4. Louisa likes to think of her students as "a generation of subversives who took up their expected positions in society and then, day by day, bit by bit, fostered a revolution." Do you think that this is what she achieved with her students? Was it the best way she had to help the social progress of women?

5. Why do none of the members of Buffalo society become involved with the faction that is worried about the affects of the power plant on the environment?

6. In protecting Grace, was Louisa doing the right thing? Did her focus on the little girl blind her, impairing her judgement, as with her decision to not turn Susannah Riley in?

7. Would Louisa have been better off moving away from Buffalo and merely keeping in touch with the Sinclair family? Would Grace have been better off?

8. If Abigail's mother wanted to keep her daughter's child far away from Abigail and from scandal, why didn't she have him adopted in a family far away, instead of sending it to the asylum?

9. Why does Mr. Rumsey let Louisa know that he planned her meeting with Cleveland? Would she have been better off never knowing?

10. Why does Mr. Rumsey seem surprised that Louisa might have suffered from her experience of conceiving Grace—or that she feels badly about her "loss of innocence?"

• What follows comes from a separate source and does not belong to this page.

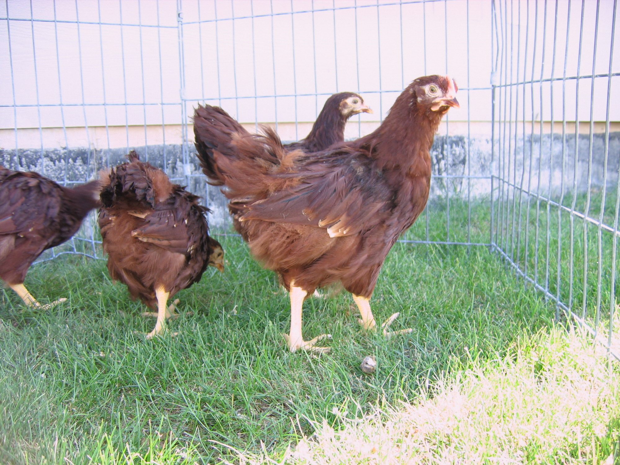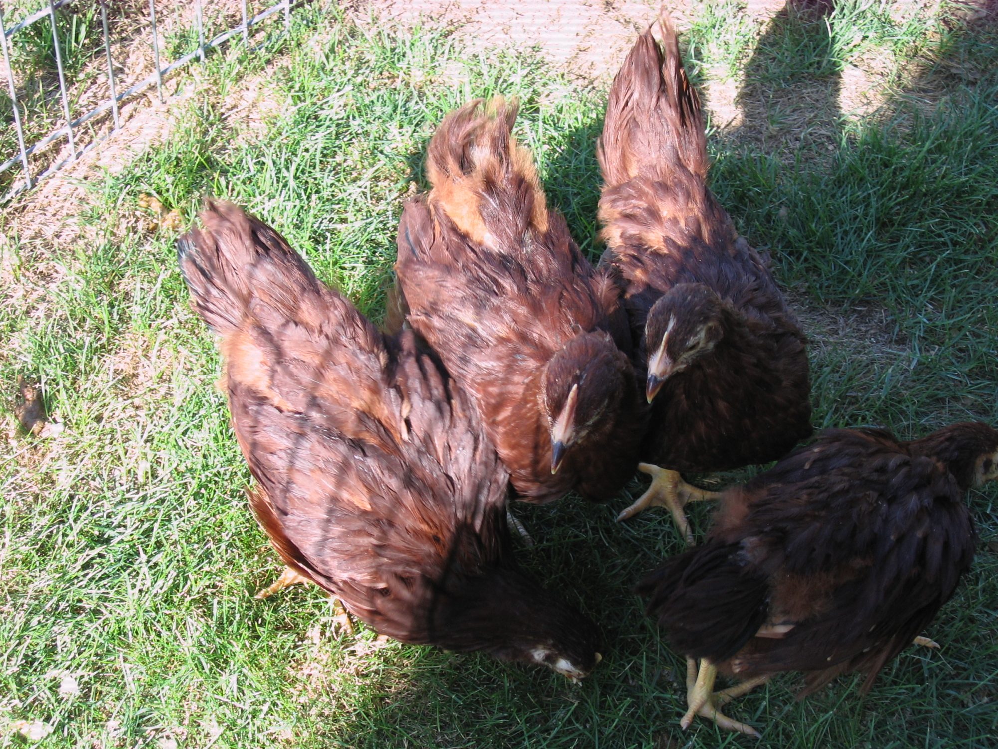 Took some more photos yesterday, these are of the 4 older RIR chicks. These hatched 3/29 and 3/30, and I think I have a cockerel and 3 pullets in this group. The one I'm pretty sure is a cockerel hatched from a Ron Fogle egg, and the 3 I think are pullets hatched from Greathorse (Paul) eggs, for those who follow the Heritage Rhode Island Red thread. Paul is here in CO. I just went to visit him this past Saturday and picked up more RIR eggs along with a dozen SLW eggs. His place and his birds are gorgeous, and he is a treat.

11. In 1901, Buffalo is one of the richest, most sophisticated cities in the nation. How does this influence Louisa's life, and the lives of the wealthy citizens of the city? What do they hope to achieve on the brink of a new century?

Bonus questions:

12. What motivates Tom Sinclair's dreams of electrical power? Is it the vision of industrial progress, the hope of personal fame and wealth, or something else?

13. Why was Francesca Coatsworth able to maintain her "alternative" lifestyle and still be such an influential member of society?

14. Why do you think Francesca allowed Sarah to disappear into Singapore after she confessed her crimes?